A couple days after Rozena’s kids were born, I checked on her pen and was dismayed to find the big healthy boy limp on the floor of the pen. I milked Rozena quickly, got the syringe, forced milk into him. You can tell with the milk hits their system…they almost immediately start coming back if lack of nutrition is the problem. His eyes flickered and I had hope. But his head continued to loll. I did everything I could to try to convince him to come back into this world, but it quickly became clear that all I could do was hold him and let him go.

It may be that he was stepped on. It happens from time to time, and with a mama as big and pushy as Rozena, it’s certainly possible. Or perhaps something was just wrong. But now we had to redouble on the baby girl. If we lost her, we’d have a doe who would have to be hand milked every day until the milk line started up…at least five weeks away.

Our efforts were good, and as of this writing, little girl is doing great. Her eye is cleared up and she’s nursing furiously. Rozena also is doing well…last year, she lost weight rapidly and I was worried we’d lose her, but I’ve been feeding her up this year and she seems fit and healthy. I am pushing for her to be retired after her time on the milk line this year…or even before. I would miss her terribly, but she was ready for retirement last year. I gotta look out for my big bossy girlfriend.
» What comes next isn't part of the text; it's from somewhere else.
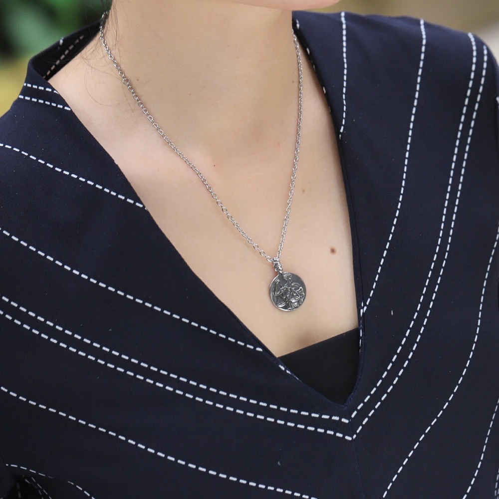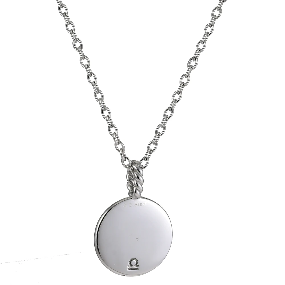 Náhrdelník z chirurgické oceli se znamením Váhy (23.9 - 23.10). Náhrdelník tvoří kulatý přívěsek s plastickým znamením Váhy a řetízek vzor ankr. Přívěsek má průměr 20mm, řetízek je široký 2,2mm, dlouhý 50cm.

Another goat I’ve been watching closely is Cypress. A very nervous goat, she had her first year on the milk line last year, and was always very timid. P. found her starting labor in the field, but couldn’t catch her. I tried to help, but all we got for our efforts was a goat, in labor and a bag hanging half out of her, running around the field, darting between us skillfully as she bleated and carried on. We sat in the grass for a while, watching her and trying to sneak up on her when she laid on her side and heaved. But then she’d jump up again, all progress thwarted. I was sure the baby was dying in the birth canal, and we would have left her if we hadn’t been worried that it was taking her so long and she might need help.

Finally, we chased her up to the barn; instead of going in, she went under. Under the barn is a terrible hiding spot, because all the manure falls thru the slats of the elevated floor. But she was near the edge, so I grabbed her two rear feet. She began dragging me, on my belly in the manure, her front feet flailing and kicking manure back into my face. Luckly, she’s small, and I finally got hold of her well enough to drag her out.
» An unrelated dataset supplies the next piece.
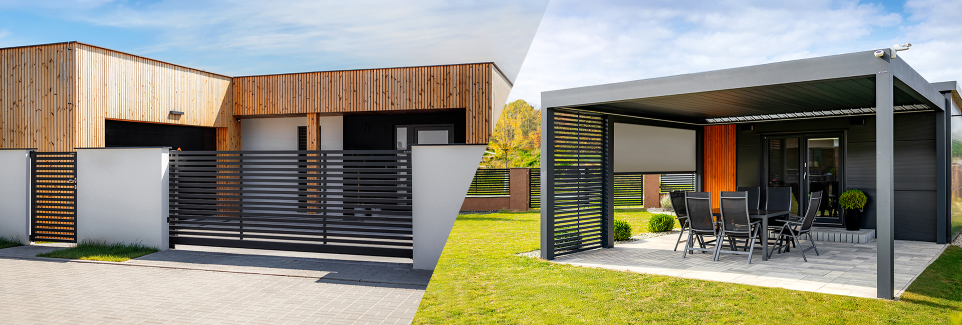 Pro tuto realizaci si zákazník vybral bioklimatickou samostatně stojící pergolu v elegantní šedé antracitové barvě, která se stala moderním doplňkem jeho zahrady. Pergola je vybavena screenovými roletami, které poskytují příjemný stín a chrání před větrem. Celkový komfort zajišťují chytré doplňky, jako jsou pohon a řídicí jednotka, dešťové čidlo, větrné čidlo a ovládání, což umožňuje plně automatizovaný provoz pergoly přizpůsobený aktuálním povětrnostním podmínkám. Pergola zahrnuje i LED osvětlení, díky kterému si můžete vychutnat pohodovou atmosféru i ve večerních hodinách.

We got her to the garden, where she delivered a healthy girl kid. To my vast suprise. And that kid is the beauty queen of the year, I’m telling you. She’s beautiful. I need to get more pics.

I’ve been trying to make it up to Cypress ever since, bringing her little treats, spending time in her pen, petting her and getting her used to hands. I don’t think I’ll really tame her, but maybe I can make things easier on her for the next time.
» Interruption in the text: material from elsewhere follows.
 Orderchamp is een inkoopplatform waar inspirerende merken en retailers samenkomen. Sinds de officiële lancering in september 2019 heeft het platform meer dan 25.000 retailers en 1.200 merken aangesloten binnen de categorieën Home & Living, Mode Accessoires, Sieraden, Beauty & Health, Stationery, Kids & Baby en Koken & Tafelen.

Round two will start this week…the goats that were not on the milk line last year, for whatever reasons. Only nine of them, but the first 27 babies and their moms are certainly keeping us busy in the meantime.

I feel lucky and gratefuli to be a part of it, happy to be on more solid footing with it this year. I feel like I know what to do for the goats, and I’m not afraid to take initiative or even sometimes to speak up about how we’re doing things. I have a lot to learn…I will admit, I haven’t even read any of the goat books I’ve had for over a year now! But I am grateful for my teachers, whether they have two legs or four.